What’s more interesting, and less talked about, is what a world of automated drivers will look like for some of the world’s most disruptive transportation companies — Uber and Lyft — and how these ridesharing companies will become part of a one-sided, commodity marketplace model with complex logistics and low profit margins.
Lyft and Uber won the war over driver supply. And I should know; one of the companies that did not win on supply against them is Taxi Magic, a company I founded.
The phenomenal success of Lyft and Uber stems from the fact that they are two-sided marketplaces. Both have incredible network effects — more drivers attract more riders, which in turn attracts even more drivers. And this virtuous circle makes the economics of these two companies very different from others in the on-demand ground travel space.

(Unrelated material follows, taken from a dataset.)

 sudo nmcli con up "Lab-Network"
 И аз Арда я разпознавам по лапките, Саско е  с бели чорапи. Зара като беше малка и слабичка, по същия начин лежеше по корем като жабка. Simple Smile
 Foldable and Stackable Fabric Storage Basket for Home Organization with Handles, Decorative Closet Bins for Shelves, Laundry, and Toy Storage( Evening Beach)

But once fully self-driving cars are available for widespread use, one side of that marketplace will collapse. Drivers will be replaced with capital, and anyone with sufficient capital will be able to put a fleet of cars on the road. Car manufacturers, city governments, perhaps Google and Tesla and others will enter the game, massively increasing the supply of cars and flooding the market.

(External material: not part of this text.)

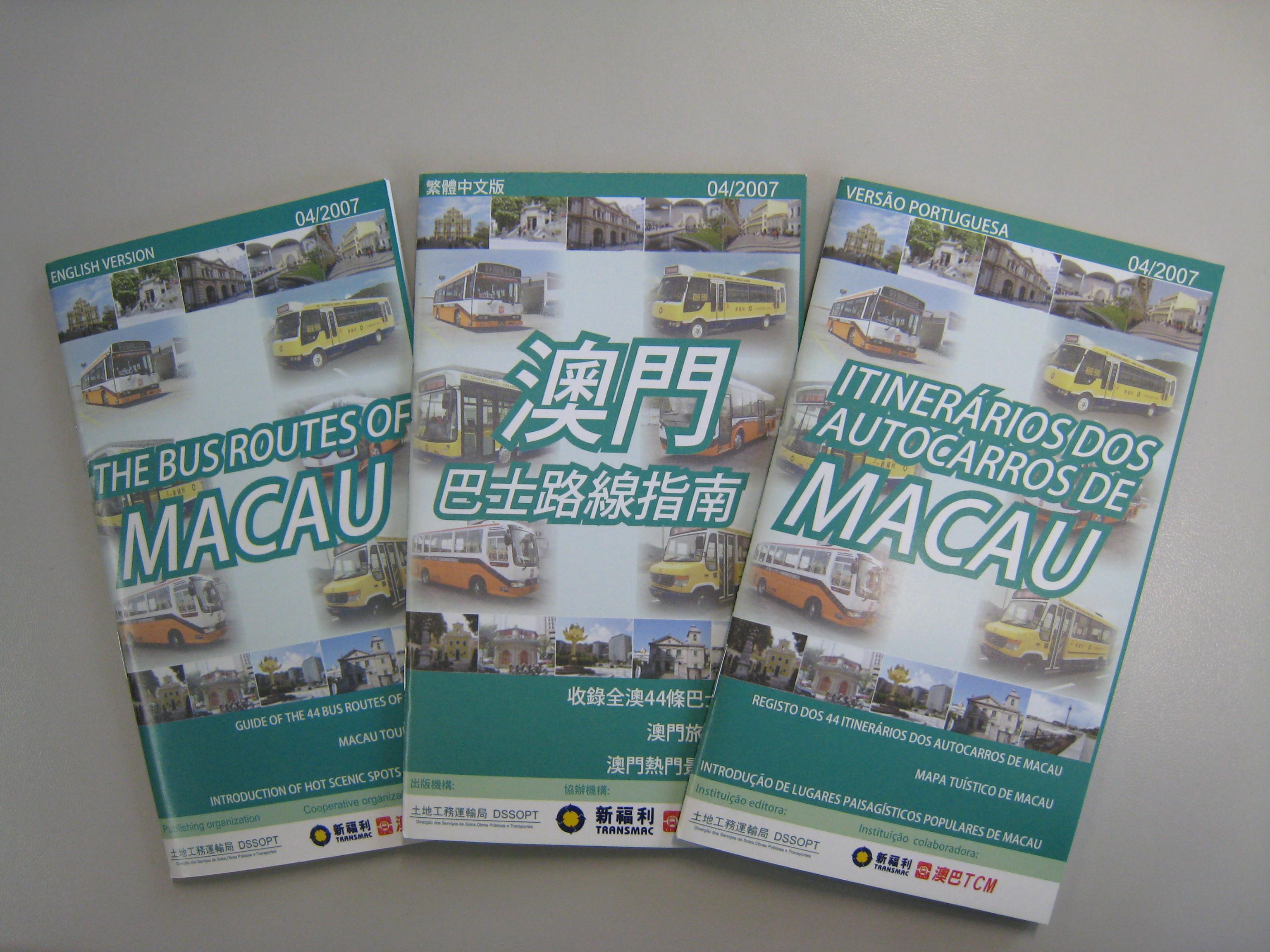 土地工務運輸局聯同兩間巴士公司修訂的新版《澳門巴士路線指南》為市民及遊客提供最新的巴士路線資訊,設計輕巧,方便攜帶。新版指南分有中、葡、英三個版本,收錄了全澳合共四十四條巴士路線,並附有一張摺合式的小型地圖,地圖內載有本澳熱門的旅遊景點資料,方便遊客查閱。

Self-driving cars are exciting. But they also are a long way off.
With the advent of fully self-driving cars, it’s easy to imagine rideshare companies looking more and more like the airline industry. And while some of us have brand loyalty (mostly because of mileage programs), the industry as a whole is fully commoditized and there is little difference between United and American. Airlines all do the same thing (move consumers from Point A to Point B), and primarily compete on pricing in a race to the bottom.
If this analysis is right, the industry of on-demand self-driving fleets will need apps that connect them to consumers, similar to KAYAK for airlines. This app could be Uber or Lyft, or both, but neither — as one-sided software layer connecting passengers to self-driving fleets — would be worth what they are worth now.
KAYAK is a very successful company used by millions to find air travel services, yet when Priceline bought KAYAK for $1.8 billion in 2012, KAYAK was performing 1.2 billion searches. That purchase price seems low given the quantity of searches, but it was an accurate reflection of the business’ value. KAYAK is a one-sided marketplace generating revenue through lead gen to service providers (airlines and hotels). That type of one-sided marketplace is far less valuable than a two-sided marketplace that has a locked-up supply and also manages demand.
For technology geeks like me, self-driving cars are exciting — they will make commuting safer and our daily lives easier. But they also are a long way off, and before we get to use them, there is a lot more technology to create and, beyond that, policy and legal challenges to overcome. When they come into mass use, they are likely to be awesome, creating a new platform for future startups or alternative business models for existing businesses.
One thing self-driving cars won’t do, however, is help Lyft and Uber (and other two-sided on-demand ground travel companies) maintain their existing business models or the valuations they command. While self-driving cars can help these companies create new platforms, it is hard to see how they can help them increase their value or justify valuations that these companies and their current business models now command.
As the age of the horse and buggy ended, jockeys faced a rough patch, but the age of the auto mechanic was on the horizon. This time around, we’re going to see the end of driving as an occupation. And no one stands to lose more than ridesharing companies.